Ça commence dur pourtant. Le lecteur est prisonnier dans le corps d’un homme qui, pour son entourage s’appelle un « légume ». Puisque dans le coma, cet homme, Marc-Antoine a été « placé » dans un institut et se fait déplacer de sa chambre à la salle commune par des bras qui manipulent sans ménagement un paquet de chair et d’os. Plus personne ne vient le visiter, pourtant, ce comateux l’est de l’extérieur, mais pas de l’intérieur. Cette prémisse est à prendre ou à laisser ! Comme il est vif d’esprit et que plus souvent qu’autrement, il fait face à des murs, il jettera son regard par en-dedans, voyant sa vie défiler.
La narration au « je » est certainement habile, je me suis attachée à cet homme. Faut dire que des vaguelettes de révolte montaient en moi devant la rigueur de son présent, ce qui me rendait heureuse d’en sortir, autant que lui j’imagine ! Je m’en suis fait rapidement un ami, heureusement d’ailleurs ! Car, sinon, le récit qu’il donne de sa vie amoureuse aurait pu manquer d’intérêt. J'étais captivée, et de plus en plus, d’autant que la navigation entre le présent et le passé est bien menée.
Le cœur du sujet est l’amour, on s’en doute avec le titre. On apprend à connaître les femmes marquantes de la vie de cet avocat. Ce sont de très beaux portraits de femmes, le regard posé sur elles est extrêmement masculin. L’amour est intimement lié au désir, ce qui me semble, n’est pas systématiquement le cas dans la vie, mais qu’importe, laissons-nous chanter la pomme ! L’angle exploité par Michel Jean est l’attachement lié à l’engagement, qu’il n’y a qu’à ce moment-là qu’on se rencontre soi, sinon, on glisse au-dessus de sa vie, que la pente soit douce ou abrupte.

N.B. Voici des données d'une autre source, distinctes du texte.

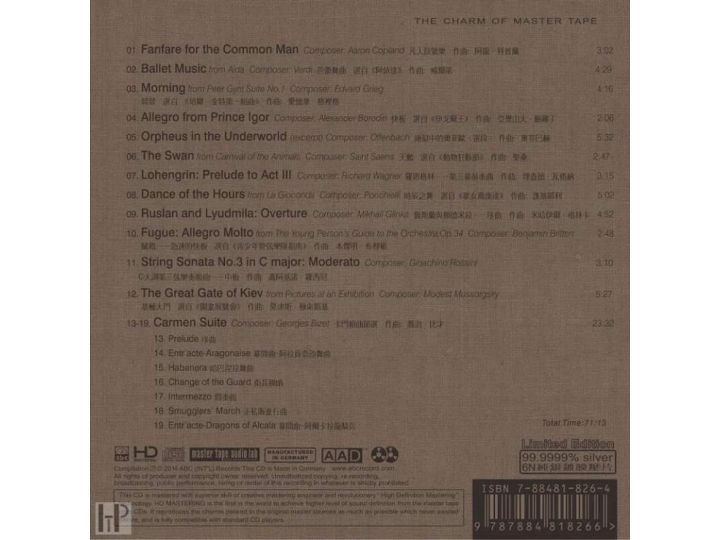 ABC Records - Grand Master - Top ClassicalGrand Master - Top Classical - Novinka 2024 Album Title:Grand Master - Top Classical Item No:HDS-242 Artists :Various Artists Genre:HIFI Test Company:ABC (Int'l)Records 01 Fanfare for the Common Man - Composer: Aaron Copland 3:02 02 Ballet Music from Aida - Composer: Verdi 4:29 03 Morning from Peer Gynt Suite No.1 - Composer: Edvard Grieg 4:16 04 Allegro from Prince Igor - Composer: Alexander Borodin 2:06 05 Orpheus in the Underworld (excerpt) - Composer: Offenbach 5:32 06 The Swan from Carnival Of The Animals - Composer: Saint Saens 2:47 07 Lohengrin: Prelude to Act III - Composer: Richard Wagner 3:15 08 Dance of the Hours from La Gioconda - Composer: Ponchielli 5:02 09 Ruslan and Lyudmila: Overture - Composer: Mikhail Glinka 4:52 10 Fugue: Allegro molto from The Young Person’s Guide to the Orchestra,Op.34 - Composer: Benjamin Britten 2:48 11 String Sonata No.3 in C major: Moderato - Composer: Gioachino Rossini 3:10 12 The Great Gate of Kiev from Pictures At An Exhibition - Composer: Modest Mussorgsky 5:27 13 Prelude from Carmen Suite - Composer: Georges Bizet 3:15 14 Entr’acte-Aragonaise from Carmen Suite - Composer: Georges Bizet 2:16 15 Habanera from Carmen Suite - Composer: Georges Bizet 2:01 16 Change of the Guard from Carmen Suite - Composer: Georges Bizet 3:38 17 Intermezzo from Carmen Suite - Composer: Georges Bizet 2:24 18 Smugglers’ March from Carmen Suite - Composer: Georges Bizet 5:27 19 Entr’acte-Dragoons of Alcala from Carmen Suite - Composer: Georges Bizet 4:33Doplňkové parametry

Comme toute une vie est à raconter sous l’angle de l’amour, les grandes lignes se jettent sur le meilleur du pire, pas le pire du meilleur. Suis-je claire ? Non. Je m’essaie autrement. Une morte par exemple est décrite d’une manière assez lisse, l’effet de la mort sur le narrateur est détaillé par contre. Même chose pour la naissance, on passe rapidement. Ainsi, le propos ne déroge pas de sa trajectoire ; cerner la force que donne l’amour d’un homme pour une femme. Et pour connaître le sens de l'amour, faut-il le perdre ?
Je suis certainement subjective, vous irez vérifier vous-mêmes !, mais j’imagine mal une femme saine et honnête restée insensible au regard amoureux de Marc-Antoine. Le galbe d’un sein est important, on s’entend, mais je n’ai jamais autant entendu de descriptions de sourires de ma vie ! La femme est lumière dans ce roman. Ça fait du bien quand même !
J’ai aimé ma lecture, au SPA Eastman en plus (séjour gagné dans le cadre d’un concours !), c’était l’idéal. Je pense qu’on a besoin de romans qui voguent en toute simplicité sur la vie en y jetant une lumière particulière. On sort de cette lecture apaisée, élevée, et qui sait, prêt à s’engager encore plus loin ?
Une vie à aimer, Michel Jean, Éditions Libre Expression, 220 pages.